High Anxiety: written by Mel Brooks, Ron Clark, Rudy De Luca, and Barry Levinson; directed by Mel Brooks; starring Mel Brooks (Richard H. Thorndyke), Madeline Kahn (Victoria Brisbane), Cloris Leachman (Nurse Diesel), Harvey Korman (Dr. Charles Montague), Ron Carey (Brophy), Dick Van Patten (Dr. Wentworth), and Howard Morris (Professor Lilloman) (1977): Mel Brooks is all over the place figuratively and literally in this parody of the films of Alfred Hitchcock. He sings. He dances. He stars. He directs. He co-writes. It’s probably no accident that Brooks’ films became decreasingly popular as his ego moved him from supporting roles in his own films to lead roles — this is his second turn as the lead, and the rot has begun to set in, lightly but inevitably.

Still, there are some killer sequences parodying both the specific and the general in Hitchcock’s films, from some complicated camerawork under a glass coffee table to a ridiculous riff on Janet Leigh’s driving problems in Psycho. And there are killer performances, none moreso than Cloris Leachman as a nurse/dominatrix with truly peculiar line-readings and physical mannerisms. Recommended.

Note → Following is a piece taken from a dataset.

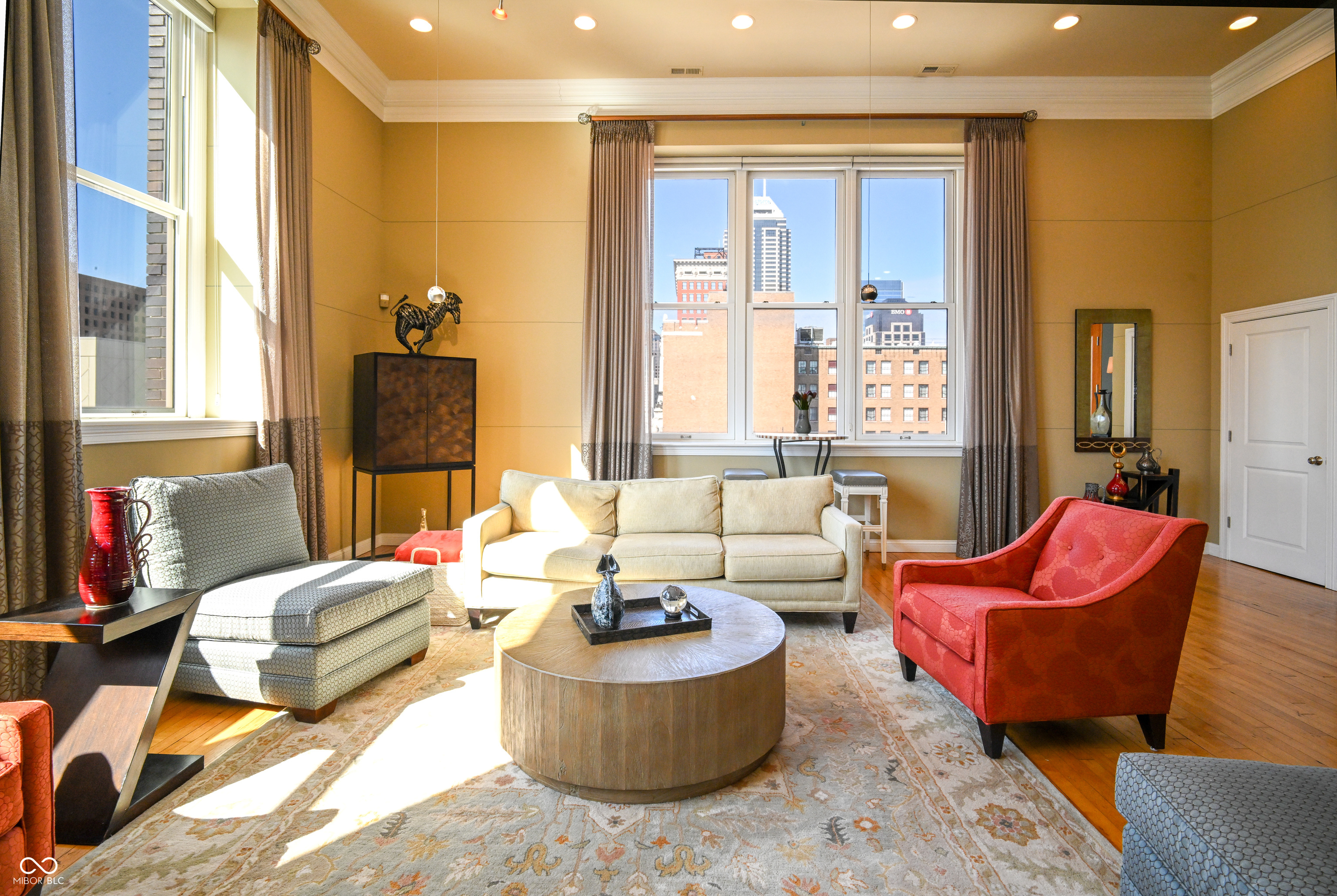 Experience elevated downtown living in this rare top-floor penthouse condo (Unit 601) offering over 2,000 sq ft of single-level luxury in the heart of Indianapolis. One of only six exclusive units on the floor, this northwest corner residence delivers unmatched privacy, panoramic sunset views, and front-row access to the city's most iconic moments. Soaring 14-foot ceilings and expansive windows flood the space with natural light, creating a true urban showcase. Enjoy breathtaking skyline views-from July 4th fireworks right from your living room to glimpses of the Indianapolis Monument-and direct sightlines to the ever-changing visuals on the JW Marriott. From the massive NCAA tournament bracket to iconic displays like the Indy 500 pole sitter, Super Bowl graphics, and even Taylor Swift's Eras Tour wrap, your windows become a living canvas of Indianapolis culture and events. Designed for both entertaining and everyday living, the gourmet kitchen features Viking appliances, a rare Wolf indoor grill burner, and a breakfast bar that flows seamlessly into the open-concept living area. The home offers two generously sized bedrooms, each providing ample space rarely found in urban condos. In addition, a versatile flex space is perfect for a library, work-from-home office, or can easily be converted into a third bedroom to suit your needs. The ultimate urban lifestyle-just moments from Gainbridge Fieldhouse, top restaurants, nightlife, and year-round events. This secure building offers controlled access with doorbell entry, plus the convenience of three deeded underground parking spaces and a private storage area-an exceptional find downtown. **** PRO Tip: Take advantage of built-in event parking for your guests during major downtown events. If you've been waiting for a true penthouse experience with space, views, and walkability-this is it.

The Treasure of the Sierra Madre: adapted by John Huston from the novel by B. Traven; starring Humphrey Bogart (Dobbs), Walter Huston (Howard), Tim Holt (Curtin), Bruce Bennett (Cody), and Robert Blake (Lottery Seller) (1948): One of the all-time great adventure films gives us Humphrey Bogart at his grimiest and Walter Huston at a chameleonic peak that earned him a Best Supporting Actor Oscar. Gold-hunting in Mexico in the 1920’s leads Bogart, Huston, and Tim Holt up a mountain and then down into the depths of human behaviour.

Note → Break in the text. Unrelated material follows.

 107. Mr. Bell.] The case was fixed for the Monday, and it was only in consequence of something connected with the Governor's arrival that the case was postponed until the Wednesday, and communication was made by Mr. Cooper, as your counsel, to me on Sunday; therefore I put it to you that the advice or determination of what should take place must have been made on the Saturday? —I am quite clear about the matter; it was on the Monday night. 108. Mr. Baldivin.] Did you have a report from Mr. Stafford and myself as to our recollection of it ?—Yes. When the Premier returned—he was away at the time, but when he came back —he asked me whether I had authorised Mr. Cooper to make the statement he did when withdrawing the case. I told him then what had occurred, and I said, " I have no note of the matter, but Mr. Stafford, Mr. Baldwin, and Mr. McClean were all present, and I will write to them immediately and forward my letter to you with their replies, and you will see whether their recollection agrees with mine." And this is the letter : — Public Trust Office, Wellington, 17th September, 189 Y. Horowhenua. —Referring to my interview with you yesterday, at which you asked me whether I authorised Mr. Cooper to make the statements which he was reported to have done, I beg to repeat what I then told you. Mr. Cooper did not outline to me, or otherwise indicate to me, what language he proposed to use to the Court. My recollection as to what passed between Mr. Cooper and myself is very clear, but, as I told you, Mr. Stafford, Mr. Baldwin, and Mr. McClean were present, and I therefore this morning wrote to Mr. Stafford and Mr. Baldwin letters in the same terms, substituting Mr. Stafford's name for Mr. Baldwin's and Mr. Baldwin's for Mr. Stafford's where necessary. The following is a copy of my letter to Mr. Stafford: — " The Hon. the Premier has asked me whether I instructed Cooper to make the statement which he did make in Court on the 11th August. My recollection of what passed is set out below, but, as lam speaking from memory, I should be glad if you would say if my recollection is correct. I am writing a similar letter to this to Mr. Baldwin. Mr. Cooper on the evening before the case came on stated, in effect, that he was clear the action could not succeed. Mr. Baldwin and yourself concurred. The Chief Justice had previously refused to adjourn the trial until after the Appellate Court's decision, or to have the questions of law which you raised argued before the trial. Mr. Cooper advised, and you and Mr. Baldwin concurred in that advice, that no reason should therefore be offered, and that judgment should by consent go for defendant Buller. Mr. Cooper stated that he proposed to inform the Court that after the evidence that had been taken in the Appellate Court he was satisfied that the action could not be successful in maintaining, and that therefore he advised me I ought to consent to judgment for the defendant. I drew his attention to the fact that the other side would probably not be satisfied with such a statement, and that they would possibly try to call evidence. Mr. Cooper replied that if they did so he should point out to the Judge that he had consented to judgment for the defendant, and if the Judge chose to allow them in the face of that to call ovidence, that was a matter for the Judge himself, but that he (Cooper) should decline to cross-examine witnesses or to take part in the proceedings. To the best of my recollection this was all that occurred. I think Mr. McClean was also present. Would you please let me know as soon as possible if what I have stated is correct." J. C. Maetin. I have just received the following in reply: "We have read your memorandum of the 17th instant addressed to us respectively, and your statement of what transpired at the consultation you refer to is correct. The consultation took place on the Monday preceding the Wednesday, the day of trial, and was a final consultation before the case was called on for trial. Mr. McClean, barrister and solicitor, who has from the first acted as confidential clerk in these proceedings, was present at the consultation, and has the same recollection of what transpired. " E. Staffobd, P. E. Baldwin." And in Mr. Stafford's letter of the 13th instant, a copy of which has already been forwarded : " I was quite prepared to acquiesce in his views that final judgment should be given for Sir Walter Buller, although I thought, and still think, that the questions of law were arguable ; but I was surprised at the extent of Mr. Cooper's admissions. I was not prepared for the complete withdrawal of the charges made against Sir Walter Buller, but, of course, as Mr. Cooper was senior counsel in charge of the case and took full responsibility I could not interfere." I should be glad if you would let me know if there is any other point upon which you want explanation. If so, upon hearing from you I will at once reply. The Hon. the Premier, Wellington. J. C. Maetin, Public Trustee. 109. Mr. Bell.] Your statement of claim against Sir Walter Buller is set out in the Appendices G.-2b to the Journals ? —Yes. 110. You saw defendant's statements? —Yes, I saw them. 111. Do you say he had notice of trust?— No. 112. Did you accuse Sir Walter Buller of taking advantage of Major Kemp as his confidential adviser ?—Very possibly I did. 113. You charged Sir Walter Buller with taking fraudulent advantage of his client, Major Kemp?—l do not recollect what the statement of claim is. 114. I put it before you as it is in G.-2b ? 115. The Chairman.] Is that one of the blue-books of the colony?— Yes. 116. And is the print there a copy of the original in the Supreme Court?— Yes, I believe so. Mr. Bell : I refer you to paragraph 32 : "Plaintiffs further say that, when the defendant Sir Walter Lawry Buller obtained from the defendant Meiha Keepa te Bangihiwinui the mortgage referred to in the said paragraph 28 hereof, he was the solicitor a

Great lines, great acting, fine direction from Walter Huston’s son John, and the crazed jig forever after known as the Walter Huston dance. And the badges line, often misquoted. And a wild, realistic barroom brawl. One of the first big-budget Hollywood movies to be filmed almost entirely on location. If there are essential movies, this is one of them. Highly recommended.